● **Provided material**:
• • • • •
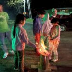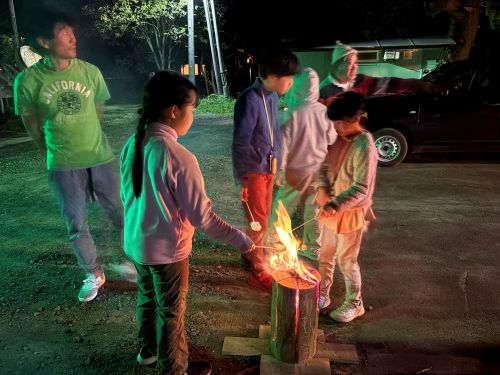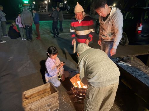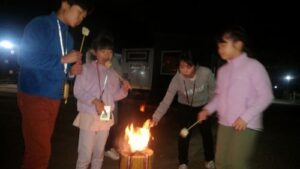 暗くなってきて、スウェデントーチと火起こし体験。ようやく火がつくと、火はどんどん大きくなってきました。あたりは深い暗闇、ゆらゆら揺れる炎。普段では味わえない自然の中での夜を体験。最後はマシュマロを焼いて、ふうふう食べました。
• • • • •
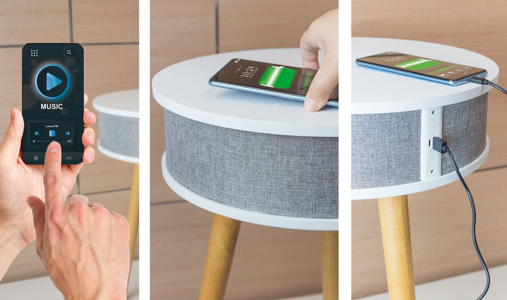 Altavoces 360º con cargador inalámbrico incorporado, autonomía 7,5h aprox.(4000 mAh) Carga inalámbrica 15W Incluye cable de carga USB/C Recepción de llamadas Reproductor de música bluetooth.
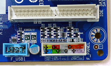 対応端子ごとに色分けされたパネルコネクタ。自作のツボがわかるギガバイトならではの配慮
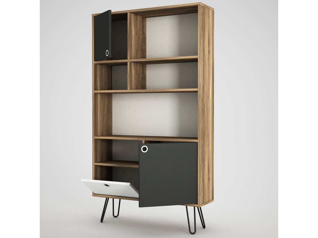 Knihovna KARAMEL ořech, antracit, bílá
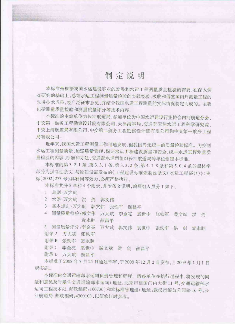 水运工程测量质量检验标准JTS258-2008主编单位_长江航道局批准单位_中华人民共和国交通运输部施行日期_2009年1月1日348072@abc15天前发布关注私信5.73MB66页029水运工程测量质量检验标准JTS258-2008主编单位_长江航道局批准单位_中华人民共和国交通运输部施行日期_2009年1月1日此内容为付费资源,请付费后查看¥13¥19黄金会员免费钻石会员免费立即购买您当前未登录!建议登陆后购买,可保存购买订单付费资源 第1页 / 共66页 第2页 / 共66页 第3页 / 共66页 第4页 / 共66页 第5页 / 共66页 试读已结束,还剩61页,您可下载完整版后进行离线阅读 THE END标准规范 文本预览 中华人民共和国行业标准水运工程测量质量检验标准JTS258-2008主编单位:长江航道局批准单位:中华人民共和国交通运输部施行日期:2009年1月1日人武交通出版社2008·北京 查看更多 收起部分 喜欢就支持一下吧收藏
• • • • •
● **Task item**: Print exactly, with no pictures, the lines above from the one that holds "Altavoces 360º con" through the one that holds "查看更多 收起部分 喜欢就支持一下吧收藏", both of them included.

● **Solution to this task**:
 Altavoces 360º con cargador inalámbrico incorporado, autonomía 7,5h aprox.(4000 mAh) Carga inalámbrica 15W Incluye cable de carga USB/C Recepción de llamadas Reproductor de música bluetooth.
 対応端子ごとに色分けされたパネルコネクタ。自作のツボがわかるギガバイトならではの配慮
 Knihovna KARAMEL ořech, antracit, bílá
 水运工程测量质量检验标准JTS258-2008主编单位_长江航道局批准单位_中华人民共和国交通运输部施行日期_2009年1月1日348072@abc15天前发布关注私信5.73MB66页029水运工程测量质量检验标准JTS258-2008主编单位_长江航道局批准单位_中华人民共和国交通运输部施行日期_2009年1月1日此内容为付费资源,请付费后查看¥13¥19黄金会员免费钻石会员免费立即购买您当前未登录!建议登陆后购买,可保存购买订单付费资源 第1页 / 共66页 第2页 / 共66页 第3页 / 共66页 第4页 / 共66页 第5页 / 共66页 试读已结束,还剩61页,您可下载完整版后进行离线阅读 THE END标准规范 文本预览 中华人民共和国行业标准水运工程测量质量检验标准JTS258-2008主编单位:长江航道局批准单位:中华人民共和国交通运输部施行日期:2009年1月1日人武交通出版社2008·北京 查看更多 收起部分 喜欢就支持一下吧收藏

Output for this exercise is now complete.